Hong Kong Taxation

 

Answer Q1:

            Hong Kong being considered as a free economy can be considered to have extreme low tax imposed on both individuals and in business. In the case provided, it has been mentioned that Lisa is a Hong Kong resident but has been appointed as a senior sales Manager of a Spanish company. The company is currently operating in Hong Kong so Lisa is in charge for their Chinese operations.   It can be noted that Lisa’s salary was given under HK$ currency. In this regard, since the company is currently operating in Hong Kong, the company has an obligation to Hong Kong government and economy and all of their employees.  In Hong Kong, there is so called tax equalization policy in which Lisa can pay no more and no less tax for her work for the company.

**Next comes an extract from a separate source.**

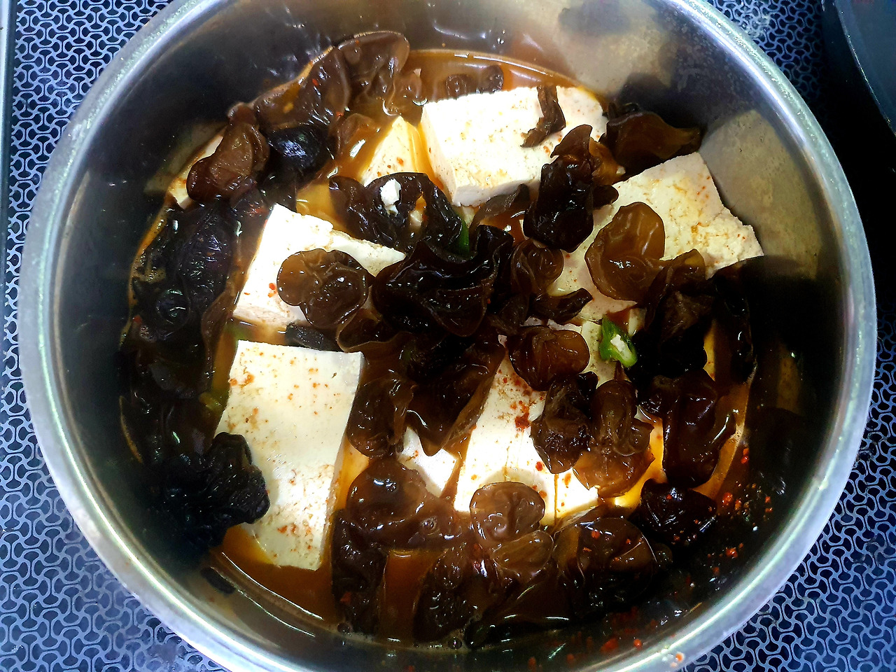 #두부전골 (두부 한모, 목이버섯 불린 것, 청양고추 반개, 들기름 한 숟가락, 고춧가루 조금, 새우젓, 참치액젓, 마늘 다진 것, 실파나 쪽파)

            Such policy has been designed for employees like Lisa as a neutral aspect in her compensation package. In which, she should bear tax burden equal to that which would have been borne had Lisa remained at home. As an employee, she is responsible during her assignment in the Spanish company for stay at home or hypothetical tax, which would be computed on the remuneration the employee would have earned and obtained if she continued to work in the Spanish company. In this regard, the tax can be withheld from the employee’ normal salary and is retained by her Spanish employer as a tax reserve.   In this regard, under Hong Kong taxation policy, the company where Lisa is working would be responsible for paying all required home as well as host country taxes on the company income, which consists of taxes on expatriate benefits during the assignment or work contract.   For various companies, employees like Lisa would not be tax equalized on income from non-company sources, like the investment income from the host country or from home, which indicated that the employee will remain fully liable for all actual global taxes payable on their personal income.  Under the equalization policy of Hong Kong taxation regulation, any tax savings will go to the employer, however, any additional tax liability will be shouldered by Lisa’s employer.

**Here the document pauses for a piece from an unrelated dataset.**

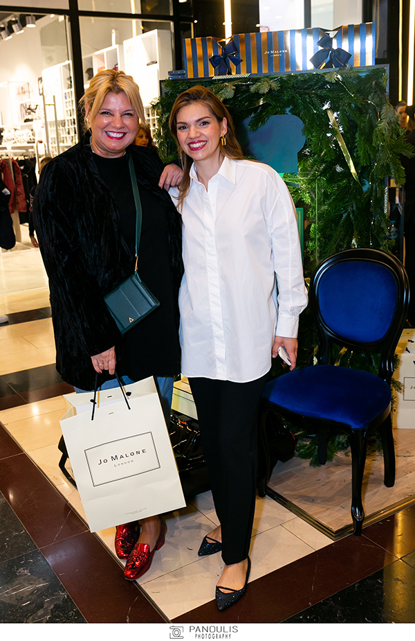 Οι μεθυστικές νότες από τα signature fragrances του οίκου Pine & Eucalyptus, Orange Bitters, Amber & Sweet Orange αλλά και του συλλεκτικού Rose & Magnolia κυριολεκτικά πλημμύρισαν την ατμόσφαιρα του εμπορικού κέντρου, δημιουργώντας το τέλειο αρωματικό σκηνικό για τη γιορτινή περίοδο. Στο τέλος της εκδήλωσης, κάθε καλεσμένος έλαβε το δικό του δώρο, στη χαρακτηριστική πολυτελή συσκευασία της Jo Malone London, ειδικά προσωποποιημένο με τα αρχικά του, υπηρεσία μάλιστα που θα προσφέρεται σε όλα τα σημεία πώλησης του οίκου κατά την περίοδο των Εορτών.

            On one hand, the employer of Lisa can also implement a tax protection policy instead of abiding the tax equalization policy.  Under this approach, Lisa’s total income tax burden for Hong Kong and Spanish taxation policy is limited or restricted to the hypothetical home country’s income tax, or Hong Kong’s income tax. In instances that the actual home and host nations’ income tax are less than the Home country’s hypothetical income tax, like in this case, if Spanish income tax is less than Hong Kong’s income tax, the employee (Lisa) could keep the benefit.

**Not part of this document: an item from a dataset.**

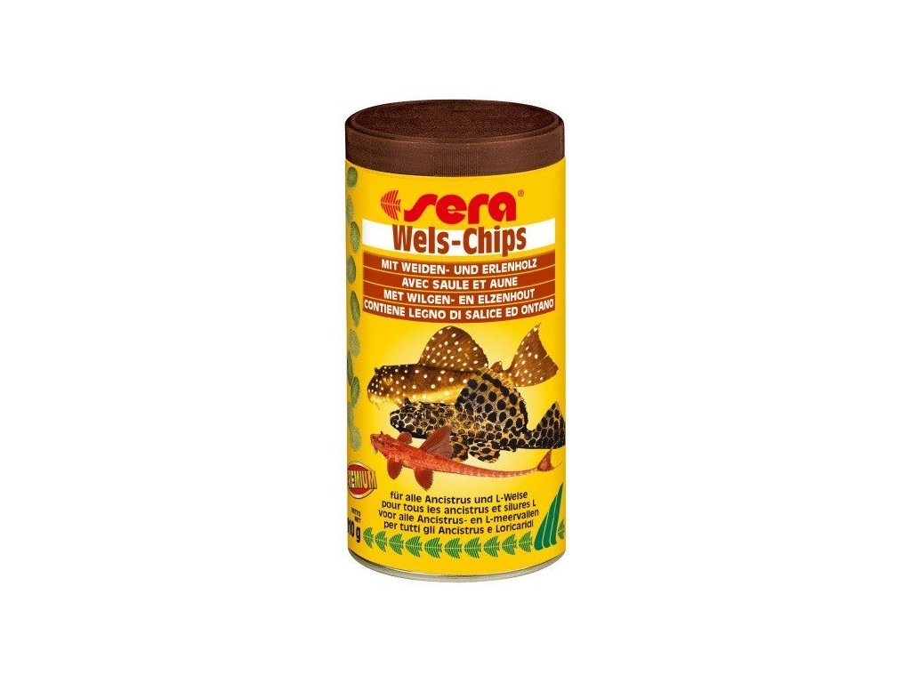 Sera Wels-Chips je základní krmivo bez barviv a konzervačních látek pro ryby, které svou potravu buď seškrábávají nebo odsávají ze dna, jako jsou ancistrusy, L-sumečci a další. Vyvážená receptura s vysokým podílem vláknin (mj. vláknina z vrbové kůry a olšových šišek) a rovněž přírodní spirulina podporují zdravé trávení a rozvoj. Rychle klesající, ve vodě měknoucí chipsy zůstávají nejméně 24 hodin tvarově stabilní a neznečišťují vodu. Tak umožňují převážně v noci aktivním sumečkům bezproblémové krmení, které odpovídá jejich přirozeným zvyklostem. Bez barviv a konzervačních látek Kompletní a vyvážené krmivo Krmivo obsahuje všechny základní složky pro podporu zdraví ancistrusů a L-sumečků Velikost balení: 250 ml Složení: Rybí moučka, kukuřičný škrob, pšeničná mouka, pšeničné klíčky, spirulina (4 %), pivní kvasnice, mléčný prášek, rybí tuk (z toho 49 % Omega-mastných kyselin), byliny, vaječný prášek, vrbová kůra, olšové šišky, kopřivy, vojtěška, Mannan-oligosacharid, petržel, mořské řasy, paprika, špenát, slávka zelenoústá, řasy Haematococcus, karoten, česnek. Analytické složky: Bílkoviny 31,2 %, tuky 7,2 %, vláknina 4,9 %, vlhkost 5,0 %, popel 6,5 %. Doplňkové látky: Nutriční doplňkové látky v 1 kg: Vitaminy a provitaminy: vit. A 30.000 m.j., vit. D3 1.500 m.j., vit. E (D, L-?-tocoferyl acetát) 60 mg, vit. B1 30 mg, vit. B2 90 mg, stab. vit. C (L-ascorbyl monofosfát) 550 mg. m.j.=mezinárodní jednotka Krmný návod: 1–2x denně tolik kolik ryby spotřebují v krátké době.

            Based on this case, Hong Kong taxation policy is able to provide equality on tax for employees, like in the case of Lisa, she should not worry too much on her tax on Hong Kong, because Hong Kong have been able to set up a taxation policy that can easily be shouldered by both the employee and the employer.

 

 

Answer Q2

            In Hong Kong, issues of job descriptions when it comes to payment of tax do not have differences. Accordingly, employees in Hong Kong are considered as individual taxpayers who receive an income from an office or employment, regardless of whether the owner of the company is a Hong Kong resident or not, like in this case, Lisa is working for Spanish Company.  Hong Kong employees are being charged with salaries tax by filing up the Inland Revenue Department (IRD). Like any other employees in Hong Kong, Lisa should pay salaries tax on her income even if she is a sales manager or sales director. The computation for this may vary, depending on how much Lisa is receiving as a sales director or sales manager from her Spanish company.  Lisa must receive a tax return from IRD and she must complete and submit it before or during the due date even if she has no income which can be charged to salaries tax. 

            In order to compute the value of her tax, Lisa should need to report her income on the tax returns which are the B.I.R. 60 for individuals. Accordingly, any salary, wages as an employee or manager or even her director’s fees that she earn are still chargeable with salaries tax. In addition, the gross amounts prior to the deduction of her contributions to a recognized occupational retirement system or mandatory provident fund scheme should also be included on her report.

            In this regard, even if Lisa is working under Spanish company, all the payment that she received from her employer are taxable, regardless of when the payment occurred and whether the amount paid was in line with the terms of employment or in excess of which.